Holding: The Court held that Congress may require aliens to be admitted for permanent residence and to have lived continuously in the United States for five years before enrolling in Medicare Part B, reversing the lower court.

Real World Impact:
  • Permits denial of Medicare Part B to recent or nonpermanent resident aliens.
  • Affects many older noncitizens, including paroled refugees and recent immigrants.
  • Leaves decisions about expanding benefits to Congress and the Executive branch.
Topics: immigration benefits, Medicare eligibility, elderly healthcare, resident alien rules

Summary

Background

Three older resident aliens sued after being denied enrollment in Medicare Part B. Two plaintiffs are Cuban refugees who remain here at the Attorney General’s discretion; the third is an alien admitted for permanent residence in 1971. The denials were based on a federal law that gives citizens immediate eligibility but requires aliens to be lawfully admitted for permanent residence and to have lived continuously in the United States for five years before enrolling.

Reasoning

The Court addressed whether Congress may treat citizens and different groups of aliens differently when deciding who may receive federal welfare benefits. The Justices explained that the Fifth Amendment protects aliens from government deprivation but that Congress has broad authority over immigration and may make classifications based on the character and duration of an alien’s ties to the country.
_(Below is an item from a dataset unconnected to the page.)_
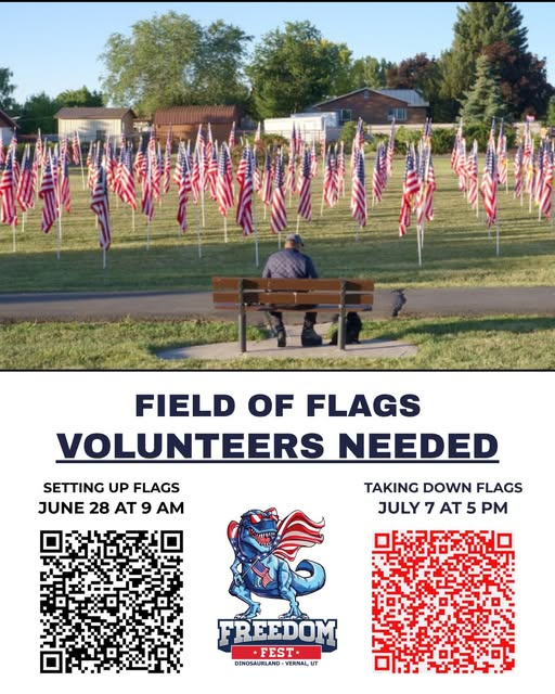 It’s time again to celebrate our freedom and a favorite part of local celebrations is in need of volunteers. The Field of Flags displays over 700 American flags in the Walking Park on 500 North in Vernal each year over the Independence Day holiday. “Your volunteer efforts in helping to raise the flags high or respectfully take them down will create this powerful, patriotic, display,” shares the announcement. “Help us to fill our community’s heart with pride and celebrate the freedoms we cherish.” To sign up to volunteer, please visit www.JustServe.org or call 435-781-7108.

The Court applied a narrow standard of review for federal immigration-related classifications, found the two requirements not irrational, and concluded the plaintiffs had not shown a principled reason to prefer a different rule. The Court also treated procedural questions about administrative exhaustion as satisfied because the Secretary stipulated that no factual issues remained and that applications would be denied.

Real world impact

Because the Court reversed the District Court and upheld the statute, older aliens who are not lawfully admitted for permanent residence or who have not lived in the United States continuously for five years may be denied Medicare Part B. The opinion notes that millions of aliens live in the United States and over 440,000 Cuban parolees were relevant to the Court’s view of congressional flexibility. The ruling leaves choices about expanding eligibility to Congress and the Executive.